Tuesday, August 7, 2018

The Great Alone by Kristin Hannah

I read The Nightingale by Hannah last year, and liked it enough that when I kept hearing about another book by her that had come out this year I decided to add it to my list. The reason why I had hesitated on reading The Nightingale was because it was just another WWII book, which I am way done with, but the setting for this book was completely different than any other book I've read--Alaska in 1974, with homesteaders who move up to Alaska and learn to live off the land. That setting alone was compelling enough to get me to read the book, and the way Hannah wrote about Alaska was beautiful and convincing in a way that was obvious she'd spent years of her life there. I loved reading about Alaska and about the people who lived there. The story was about Leni, a thirteen-year-old girl (when the book begins) who moves to Alaska to live a more pure life off the land. But the story is a lot more about her father's abusiveness and the fear she and her mother experience and the choices they have to make, over and over and over. The land of Alaska is almost a character in the book, with the danger and the different characteristics that the people face there.

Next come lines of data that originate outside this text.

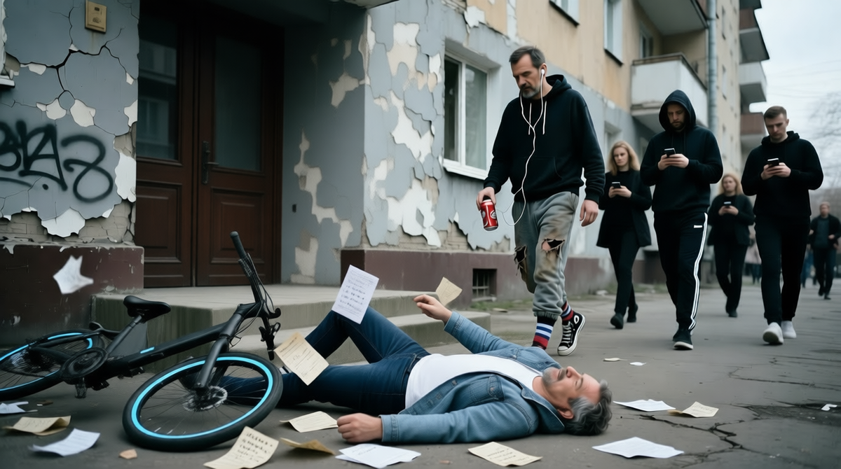 Кадр третий: Мой непосредственный сосед, с которым мы вчера полчаса обсуждали во дворе важность комьюнити и взаимовыручки. Он шёл из машины с пакетами. Наши глаза встретились. В его я увидел мгновенный расчёт: «Связываться? Проблемы? Скорая, объяснения...» Он сделал вид, что меня не узнал, и резко свернул в подъезд.
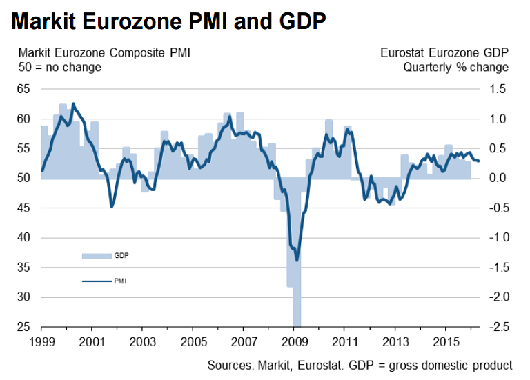“A failure of business expectations to revive following the ECB’s announcement of more aggressive stimulus in March is a major disappointment and suggests that the modest pace of growth is unlikely to accelerate in coming months.” said Chris Williamson, chief economist at Markit in London.
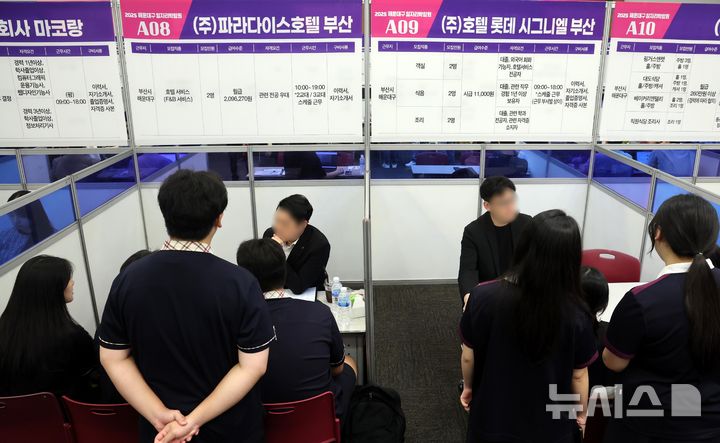[부산=뉴시스] 하경민 기자 = '2025년 해운대구 일자리박람회'가 열린 16일 부산 해운대구 벡스코 컨벤션홀에서 구직자들이 구인업체 현장면접을 보고 있다.
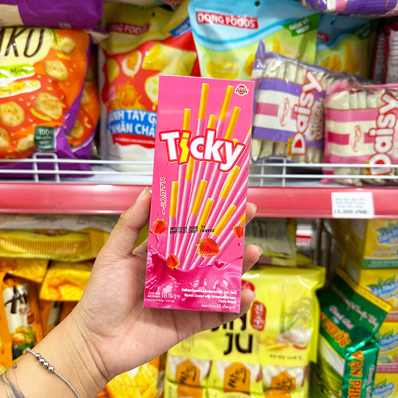 Shop sỉ bánh Que Đũa Phủ Dâu Ticky Uni Firms – Màu Hồng
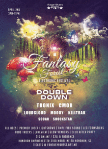 Introducing the 1st annual electronic dance event to take place on a forest plantation at the Hanahan amphitheater. This rave is the perfect time for spring breakers from school & all over to come out in full force. Having a premier production, amplified sound, & colorful stage lighting through the woods will make you feel like you're in a world where it is nothing but a fantasy of fun, bass, & colors. This will be our biggest event of the spring. Invite all your friends to the page & wait for the madness to begin!
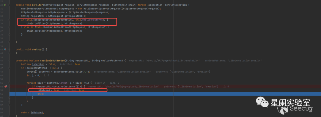 而sessionIsNotNeeded 函數檢查匹配 URL 中的是否包含excludePatterns
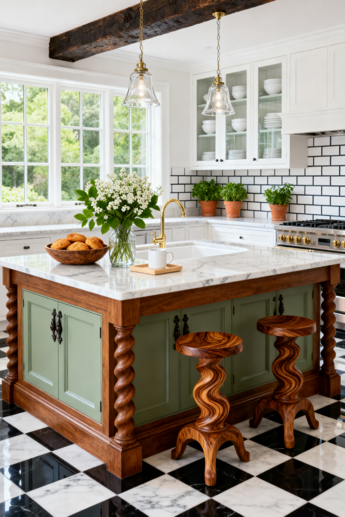 The twisted wood legs on the island and the matching stools give me such “European countryside” vibes. And check out that floor! The black-and-white checkered marble is a bold choice, but because the green on the island is a muted, earthy tone, it doesn’t feel like “too much.”
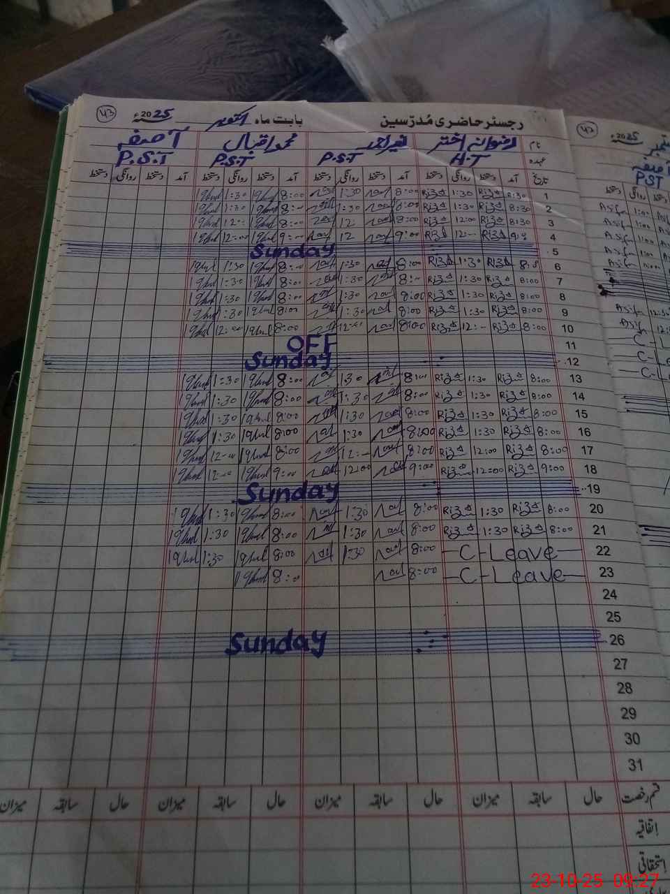 | CNIC | Full Name | Designation | R/C | Absence During Last Calender Month |
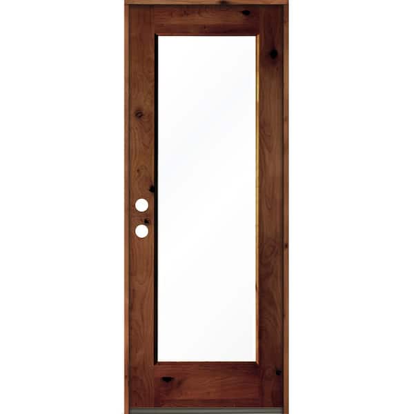 30 in. x 80 in. Rustic Knotty Alder Wood Clear Full-Lite Red Chestnut Stain Right Hand Inswing Single Prehung Front Door
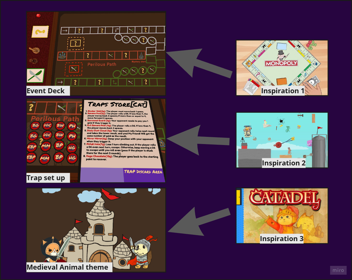 - Analyzing Games: I drew inspiration from the event deck in Monopoly and the trap and sabotage mechanics from Ultimate Chicken Horse.
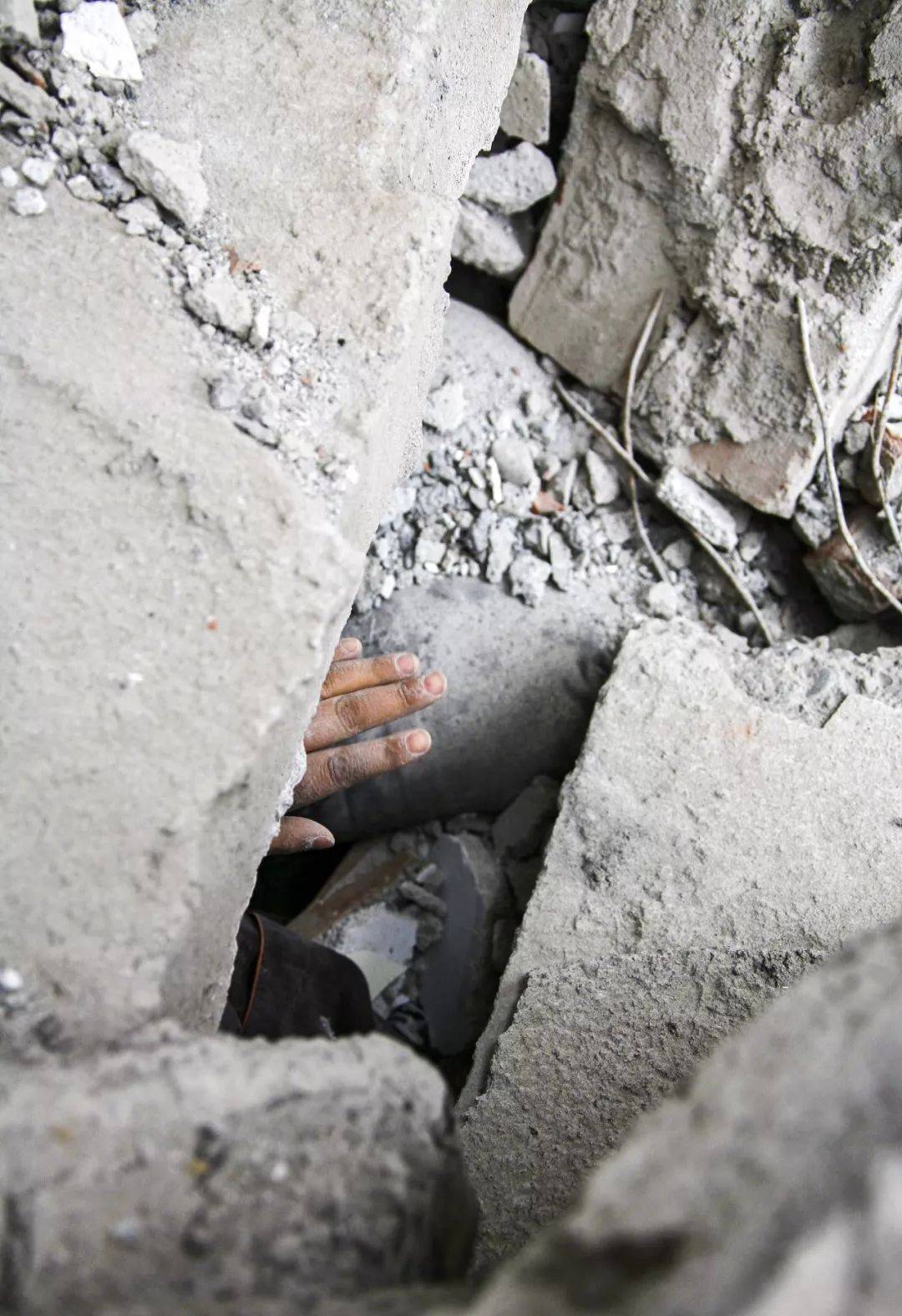(2008年5月13日,四川绵阳北川县,一名幸存者从一座倒塌建筑物的残骸中伸出手来,图片来源@视觉中国)

I really enjoyed this book, but I had some serious issues with it too. The story was gripping and the characters were well-done, particularly Leni's, but I was bothered by the last 1/3 of the book, which veered into soap opera land with all the tragedies and changes that happened. I felt like Hannah gave up on the deepest and hardest storylines just by letting something big happen to end it. I didn't like the abuse plotline, and I hate reading about women going back to their abusers. (Every time Leni talks about her parents, she uses the word "toxic"... it got old.) I felt like some of the best parts of the book were about the homesteading, and Hannah let that fall apart just to focus more on the more dramatic, exciting things she forced on her characters. I really did not believe the whole Matthew storyline--the romance and the whole recovery thing at the end. Leni at one point said, "How many conversations had they had when they talked about what would happen when they graduated from college?" And it seriously could not have been many. At all. It could only have been like 5, when you consider how often they were actually allowed to see each other. I hate it when people write romances based off of like three conversations--Leni and Matthew were supposedly best friends, but we know that Leni wasn't allowed to go anywhere near him, and you're asking me to believe they knew they loved each other from six months together at the age of 13? I don't know. It didn't work for me. And OH MY GOSH I hate the teenage pregnancy plotline so much. Gahhh.

However, the Alaska stuff itself was worth the annoying ending. And it definitely sucked me in and kept me interested the whole time.